In other words, without Paul, supporters would need to pick up five more senators than the June 2017 vote—and there are plenty of options available to do that. With Paul, they would need only four pickups to hit 51 votes and success. On the Republican side, there is ripe opportunity for pickup. Many senators don’t even know the issue well, or at all, and when confronted about it—as well as when confronted with the deeply unpopular nature of illegal unauthorized U.S. wars—may come around from the previous vote last year. Red state Democrats up for re-election this year like Indiana’s Donnelly, Missouri’s McCaskill, West Virginia’s Manchin, and Florida’s Nelson may break for this resolution too in order to avoid the wrath of voters in states that President Trump won in the 2016 general election with a message focused in part on ending pointless wars.

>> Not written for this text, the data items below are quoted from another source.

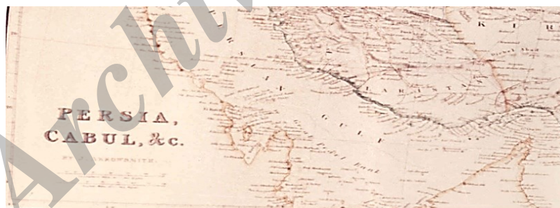
نقشه سال ۱۸۷۳ نقشه ایران و کابل که در سال ۱۸۷۳ به وسیله جی آرو اسمیت تهیه و در انگلیس به طبع رسیده است. در این نقشه جزایر تنب و ابوموسی به رنگ ساحل ایران رنگ آمیزی شده است. اصل نقشه در اتاق نقشه کتابخانه دفتر هند در لندن موجود است.

و) نقشه «ایران و کابل» که در سال ۱۸۷۳ به وسیله «جی آرو اسمیت» ۲ تهیه و در بریتانیا چاپ شد و در آن، جزایر تنب و ابوموسی به رنگ ساحل ایران رنگ آمیزی شده‌اند. اصل نقشه در اتاق نقشه‌ی کتابخانه وزارت امور هند در لندن نگهداری می‌شود.
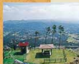
霧島神話の里公園 グラススキーやスノーパースライダーなどの施設が充実。
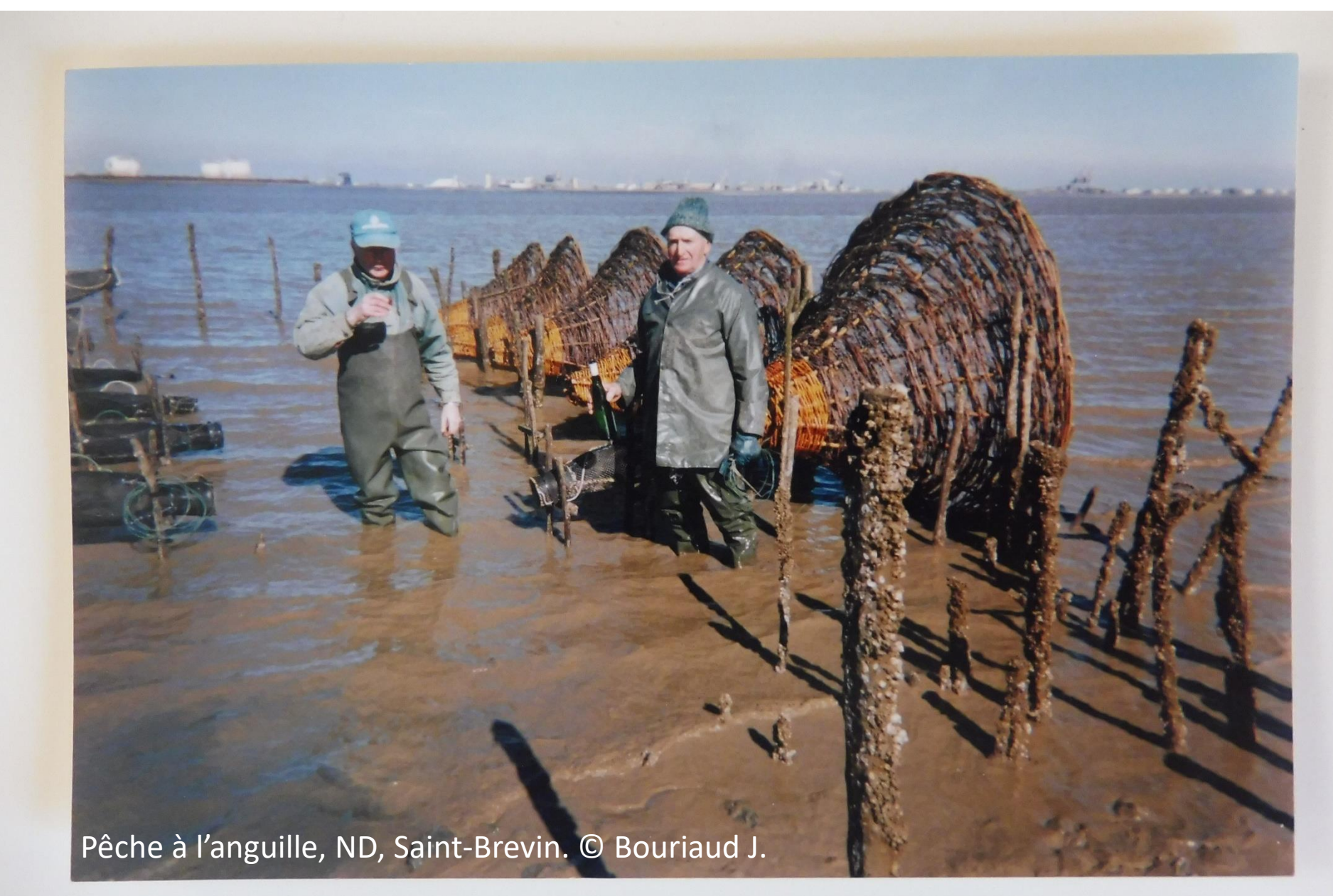
Pêche à l'anguille, ND, Saint-Brevin.
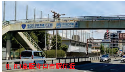
8. R1京阪守口市駅付近
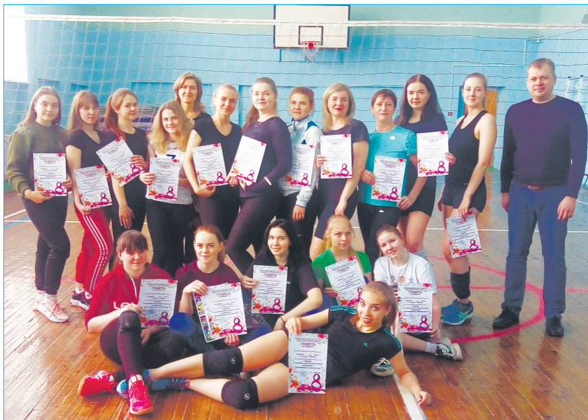
Призеры районного турнира по волейболу среди женских команд
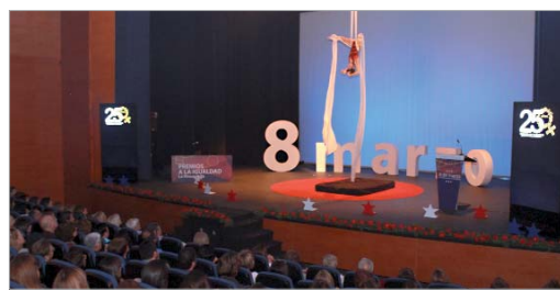
La Gala contó con un espectáculo circense como metáfora del ‘Circo de la vida’.

dad y denunció que “pese a que se han dado pasos, éstos han sido insuficientes y la crisis y determinadas políticas no han hecho sino ralentizar los avances. Hemos dado pasos atrás en igualdad salarial, acceso a puestos de responsabilidad, conciliación, libertades o reparto de tareas, por todo ello debemos ser inconformistas”. Además el edil rinconero señaló que “debemos hacer autocrítica, no sólo debemos mirar a los demás, a los gobiernos, a las instituciones, a la sociedad, a los responsables educativos, debemos paramos a pensar en qué hacemos nosotros y nosotras para poner nuestro granito de arena para una sociedad igualitaria. Repasemos las acciones de nuestros hijos e hijas y preguntémonos si estamos educando en igualdad, si les estamos atribuyendo a nuestros hijos el rol patriarcal. Como eduquemos a nuestros hijos y a nuestras hijas será como ellos y ellas educuen a sus descendientes. Cuando seamos conscientes de todo ello estaremos construyendo un futuro en igualdad”. Y es que tal, en palabras de la presentadora de la Gala: “Seguiremos siendo equilibristas del día a día, malabaristas hasta el ocaso, domadoras de bestias salvajes... seguiremos luchando. Sólo queremos poder volar a la misma altura, iguales”.
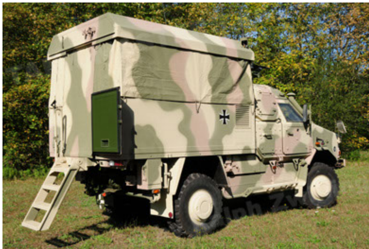
Dingo 2 GE C1 GSI (15).JPG
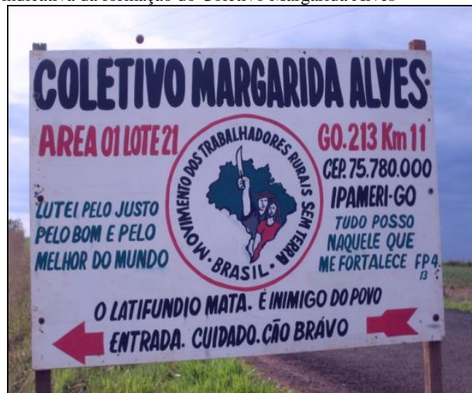
Autor: MONTEIRO, R. de M. (2009)

Depois da sua criação, o Coletivo Margarida Alves arrendou parte de suas terras para produção de soja como uma estratégia de obtenção de renda para futuros investimentos produtivos do grupo. Esse fato tornou-se um ponto nevrálgico para que as demais famílias que, apesar de não participarem do grupo semicoletivo, permaneciam no MST, rompessem com o Movimento e fundassem a Associação dos Pequenos Produtores do Assentamento Olga Benário (ASPRAOB) (Fotografia 2). Na época, uma das materializações do descontentamento das famílias com as ações do Coletivo Margarida Alves revelou-se com a pichação da placa indicativa da localização do assentamento com a seguinte frase: “Aqui produz soja transgênica” (Fotografia 3).

Fein, who served as associate deputy attorney general in Ronald Reagan’s Justice Department, joined Breitbart News Sunday in studio on SiriusXM Patriot Channel 125 to detail how significant this coalition is to success on this resolution—and previewed how it may lead to even more success down the road on other matters like Syria. In other words, if this coalition is successful this time around, it could lead to many more successes down the road–and a new, populist, anti-establishment way of doing business in Washington on all sorts of matters that cut around establishment old-timers like McConnell and others, going right to the membership of both parties.

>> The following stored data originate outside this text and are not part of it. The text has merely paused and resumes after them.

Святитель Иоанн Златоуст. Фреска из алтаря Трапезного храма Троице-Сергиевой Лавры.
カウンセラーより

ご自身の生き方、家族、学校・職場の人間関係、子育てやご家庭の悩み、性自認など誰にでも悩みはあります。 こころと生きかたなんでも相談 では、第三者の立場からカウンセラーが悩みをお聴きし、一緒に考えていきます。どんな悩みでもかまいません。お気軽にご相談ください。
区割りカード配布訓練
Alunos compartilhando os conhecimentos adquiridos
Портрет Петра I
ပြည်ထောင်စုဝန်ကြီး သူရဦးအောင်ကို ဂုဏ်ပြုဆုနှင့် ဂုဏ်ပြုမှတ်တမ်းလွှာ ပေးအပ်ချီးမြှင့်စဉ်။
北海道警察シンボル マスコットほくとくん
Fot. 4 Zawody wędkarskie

“It is encouraging and it shows that we can come together,” Fein said. “You’re never going to have a perfect world. But, Saudi Arabia is going to come and they’re going to have billions of dollars and they’re going to say we’re going to drop food baskets and it’ll be like the Berlin airlift and we’ll drop candy to the Yemenis. I don’t care whether Saudi Arabia gives one penny. We have not under our dispensation authorized the president to be doing what he’s doing. He needs to stop, because the precedent—and we need to get out not just of Yemen, but why are we in Syria? There’s no authorization to be in Syria. Somalia? Niger? Libya? There isn’t any authorization. We need to get out of there right now and if the president can show that we have national security interests to be there then he needs to convince members of Congress. And that’s not a hard battle. Look, he has a majority in the House and Senate—he’s not confronting a Democratic majority in the House or Senate. So if he has good reasons, there’s no reason why he shouldn’t be able to persuade Congress to act. I don’t believe there is, but maybe he’s got some kind of information that’s convincing that we don’t know about. But that’s how our system works, and it’s the procedure that marks us as different from other countries.”